No fim, a 'encenação' religiosa servia apenas para justificar o início das hostilidades contra outras nações com amparo na própria religião. O intuito era fazer com que Júpiter desse um sinal, caso a declaração de guerra fosse injusta. Se nada ocorresse, a batalha era válida. Caso nada ocorresse naturalmente, o conflito estaria autorizado pelos deuses.
De acordo com o historiador David Mattingly, da University of Leicester (Inglaterra), os piores inimigos de Roma podem ser divididos em três categorias. A primeira era formada por generais de grandes potências militares, como Anibal (Cartago) e Pirro (Épiro). No segundo grupo estavam líderes militares de tribos bárbaras. Por fim, ele aponta guerreiros que comandaram revoltas contra os romanos, como Vercingetórix, Armínio e Boudica. "O que caracteriza esse grupo é que muitos desses generais tinham apreciado o status anteriormente fornecido pelo estado romano.

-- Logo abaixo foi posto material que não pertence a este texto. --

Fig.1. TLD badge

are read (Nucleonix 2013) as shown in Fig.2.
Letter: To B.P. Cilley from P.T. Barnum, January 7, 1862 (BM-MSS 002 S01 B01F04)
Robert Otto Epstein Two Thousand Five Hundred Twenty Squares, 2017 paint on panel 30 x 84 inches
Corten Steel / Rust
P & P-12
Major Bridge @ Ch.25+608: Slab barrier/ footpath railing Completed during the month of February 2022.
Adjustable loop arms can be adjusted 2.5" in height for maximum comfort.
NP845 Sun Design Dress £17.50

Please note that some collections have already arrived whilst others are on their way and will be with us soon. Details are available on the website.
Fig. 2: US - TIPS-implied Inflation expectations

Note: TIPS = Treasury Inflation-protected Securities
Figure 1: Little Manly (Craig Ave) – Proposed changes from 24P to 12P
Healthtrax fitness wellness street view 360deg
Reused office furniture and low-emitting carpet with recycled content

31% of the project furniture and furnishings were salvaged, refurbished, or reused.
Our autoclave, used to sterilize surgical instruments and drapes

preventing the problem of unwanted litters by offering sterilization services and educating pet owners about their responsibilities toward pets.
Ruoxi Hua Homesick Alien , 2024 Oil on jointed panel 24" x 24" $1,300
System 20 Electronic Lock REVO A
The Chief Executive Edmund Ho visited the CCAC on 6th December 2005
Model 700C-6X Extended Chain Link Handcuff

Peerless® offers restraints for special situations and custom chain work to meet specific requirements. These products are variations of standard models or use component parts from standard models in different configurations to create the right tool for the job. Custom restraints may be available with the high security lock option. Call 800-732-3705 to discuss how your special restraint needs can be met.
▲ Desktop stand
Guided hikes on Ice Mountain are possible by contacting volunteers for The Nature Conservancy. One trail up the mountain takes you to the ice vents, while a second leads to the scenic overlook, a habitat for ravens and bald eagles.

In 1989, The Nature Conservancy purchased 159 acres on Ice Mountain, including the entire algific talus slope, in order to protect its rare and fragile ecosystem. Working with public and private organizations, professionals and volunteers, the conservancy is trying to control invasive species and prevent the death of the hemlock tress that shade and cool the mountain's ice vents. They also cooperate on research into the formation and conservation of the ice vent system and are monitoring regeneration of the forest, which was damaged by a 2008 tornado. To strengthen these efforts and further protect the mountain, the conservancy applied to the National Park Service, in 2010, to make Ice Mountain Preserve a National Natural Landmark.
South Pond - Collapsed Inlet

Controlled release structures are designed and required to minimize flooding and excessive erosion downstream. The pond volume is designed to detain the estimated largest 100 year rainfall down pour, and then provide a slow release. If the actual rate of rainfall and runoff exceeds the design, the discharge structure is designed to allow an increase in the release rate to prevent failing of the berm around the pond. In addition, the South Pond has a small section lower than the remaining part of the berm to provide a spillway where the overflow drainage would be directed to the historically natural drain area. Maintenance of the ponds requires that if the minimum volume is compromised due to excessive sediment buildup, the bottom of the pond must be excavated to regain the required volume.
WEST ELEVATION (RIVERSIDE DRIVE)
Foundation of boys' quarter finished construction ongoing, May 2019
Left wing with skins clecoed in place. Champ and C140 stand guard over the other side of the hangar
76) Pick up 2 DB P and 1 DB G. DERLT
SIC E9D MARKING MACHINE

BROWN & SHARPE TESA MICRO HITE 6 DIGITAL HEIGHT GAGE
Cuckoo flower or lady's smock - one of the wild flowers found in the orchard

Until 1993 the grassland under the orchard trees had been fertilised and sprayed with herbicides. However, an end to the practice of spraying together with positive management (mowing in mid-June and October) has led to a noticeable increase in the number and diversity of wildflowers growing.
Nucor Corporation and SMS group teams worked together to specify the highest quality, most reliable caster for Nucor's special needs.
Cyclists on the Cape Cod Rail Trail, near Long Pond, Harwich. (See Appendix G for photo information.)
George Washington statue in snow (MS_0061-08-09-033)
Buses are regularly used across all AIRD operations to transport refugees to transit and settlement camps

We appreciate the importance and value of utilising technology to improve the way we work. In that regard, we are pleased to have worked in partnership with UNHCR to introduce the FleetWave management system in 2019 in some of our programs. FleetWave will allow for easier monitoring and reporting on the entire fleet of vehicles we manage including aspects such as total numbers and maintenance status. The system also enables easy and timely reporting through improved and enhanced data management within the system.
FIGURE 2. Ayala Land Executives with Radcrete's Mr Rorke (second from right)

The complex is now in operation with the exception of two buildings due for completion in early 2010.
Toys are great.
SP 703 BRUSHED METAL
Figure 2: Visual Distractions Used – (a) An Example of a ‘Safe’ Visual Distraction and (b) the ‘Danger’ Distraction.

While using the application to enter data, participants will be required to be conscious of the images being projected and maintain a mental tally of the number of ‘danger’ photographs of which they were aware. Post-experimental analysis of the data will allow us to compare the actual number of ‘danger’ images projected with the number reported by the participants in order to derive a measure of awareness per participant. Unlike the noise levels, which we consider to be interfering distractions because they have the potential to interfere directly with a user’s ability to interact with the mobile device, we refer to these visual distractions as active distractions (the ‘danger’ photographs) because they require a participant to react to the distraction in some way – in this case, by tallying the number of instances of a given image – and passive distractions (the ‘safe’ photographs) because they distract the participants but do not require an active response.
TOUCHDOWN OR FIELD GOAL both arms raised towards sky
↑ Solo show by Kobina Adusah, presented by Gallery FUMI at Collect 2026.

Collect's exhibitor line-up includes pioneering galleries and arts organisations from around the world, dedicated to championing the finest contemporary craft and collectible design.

A decisão de se rebelar representou uma reversão da atitude inicial desses generais", analisa.
"Desgraça para os vencidos" foi a resposta de Breno quando recebia o resgate dos romanos para terem de volta sua cidade. A frase, em latim Vae Victis, foi usada para explicitar a lei do mais forte. Enquanto os romanos reclamavam do lastro do ouro que haveriam que pagar, o gaulês teria jogado sua espada na balança, mostrando que quem diz o que era justo ou não são os que detêm o poder. Acima, o quadro Breno e seu botimde Paul Jamin
O INÍCIO DOS CONFRONTOS: BRENNO SAQUEIA ROMA
Grandes confrontos começaram a surgir durante as primeiras décadas do século IV a.C, bem antes da cidade de Roma se tornar uma potência militar temível. Naquele período, o povo celta (chamado pelos romanos de gaulês) realizou inúmeras invasões na Europa Central e Ocidental, ocupando um território que ia do Oceano Atlântico ao Rio Danúbio. No século anterior, diversos grupos já haviam cruzado os Alpes e se instalado na planície do Rio Pó, ao norte da Itália, formando a chamada Gália Cisalpina.
Pouco depois, os gauleses começaram a conquistar algumas cidades etruscas. Esse crescimento territorial incomodava cada vez mais os romanos. Com o conflito inevitável, o general Brenno combateu as legiões de Roma e derrotou o grande exército na Batalha de Allia (na região onde hoje fica a Toscana), distante 15 quilômetros de Roma. A perda das legiões permitiu a invasão e o saque da cidade, três dias depois. Isso, segundo a tradição romana, ocorreu em 390 a.C., mas Aristóteles aponta o ano de 387 a.C. como data exata.
Independente disso, boa parte da população romana foi executada durante a pilhagem. Nada ficou de pé, com exceção da cidadela do Capitólio, onde a resistência agüentou um cerco de seis meses. Conta a lenda que Roma foi obrigada a pagar um resgate de 1000 libras de ouro para que os gauleses desocupassem a cidade. Contudo, permaneceu uma antiga rixa entre os dois povos, que culminaria nas Guerras Gálicas séculos depois, quando os romanos conheceram um de seus maiores opositores: Vercingetórix (veja a seguir).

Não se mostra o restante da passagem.